As part of an overhaul of its stockbroking business, Barclays has launched a new ‘DIY’ investment service targeted at its millions of savings and current account customers.

 

Users will be able see the value of their investments on Barclays’ online portal alongside each of their other accounts.

Online fund trades are charged at £3 with other investments at £6; a telephone option exists at £25 per trade.

Users are charged 0.2% of the value of the funds they hold and 0.1% on all other investments, with a minimum fee of £4 a month and maximum of £125 per month; there is no minimum investment.

Barclays Stockbrokers is the third largest DIY investing platform in the UK and is beefing up its service in response to the continuing evolution of Bristolian behemoth Hargreaves Lansdown, and the recently merged Interactive Investor and TD Waterhouse businesses.

Most existing Barclays Stockbrokers customers will see charges fall as the two systems eventually merge, and there are plans to roll the service out to non-Barclays customers next year.

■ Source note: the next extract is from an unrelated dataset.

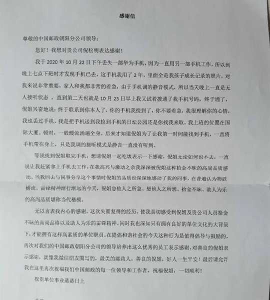 第一封信來自用戶溫顏紅女士,這封感謝信背后有一個拾金不昧、助人為樂的故事。溫顏紅女士于10月22日不慎將手機丟失后,內心十分焦急,因為手機里存儲著記錄孩子成長的照片,這些照片對她來說十分重要。由于手機被設置為靜音模式,當天晚上溫女士一直無法撥通,直到第二天晚上才有人接聽。“終于聯系到您了,手機我揀到了,不要著急,我很理解您的心情,我們約在您丟手機的日壇公園見面吧。”掛斷電話,溫女士覺得一股暖流涌遍全身。 后來,溫女士得知是朝陽區呼家樓郵政支局的員工倪松明拾金不昧,便想請他吃飯。但為了不影響工作,倪松明婉言謝絕了她的邀請。因此,溫女士最終選擇用一封信表達對倪松明的感謝。她在感謝信中說:“這次失而復得的經歷,使我真切感受到了郵政企業員工拾金不昧的高尚品格、助人為樂的雷鋒精神。在此,再一次向對朝陽郵政培養出的優秀的員工表示感謝。”

Barclays’ Clare Francis said: ‘It’s an entirely new service and platform; initially it’s aimed at making a new range of investments and tools available to our current account banking customers.’

‘After that we will move our existing Barclays Stockbroker clients over.’

Once the businesses are integrated, Barclays plans to improve its proposition for existing stock broker customers as its existing platform has started to look a little jaded in comparison to its rivals.

Long overdue is a mobile phone application to keep abreast of the changing behaviour of investors; Hargreaves Lansdown which has had an app for more than three years reports that up to a quarter of its trading is done from a mobile device.

In this day and age Barclays simply cannot afford not to at least match its rivals in this regard and it also needs to plug other gaps in its offering such as by admitting foreign shares into ISA accounts and providing investment trust research in support of the increasingly popular asset type.

Online stockbroking customers have long demonstrated a willingness to search out the lowest possible commissions, and those lacking leading edge technology can very quickly and easily be sidelined.

For Barclays to target its very large pool of savers and current account customers seems a logical move, but it might also prove very significant in encouraging those receiving negligible returns on cash products to seek better returns elsewhere; managed sensitively and with appropriate levels of education and support, Barclays may be making a significant contribution in turning savers into investors.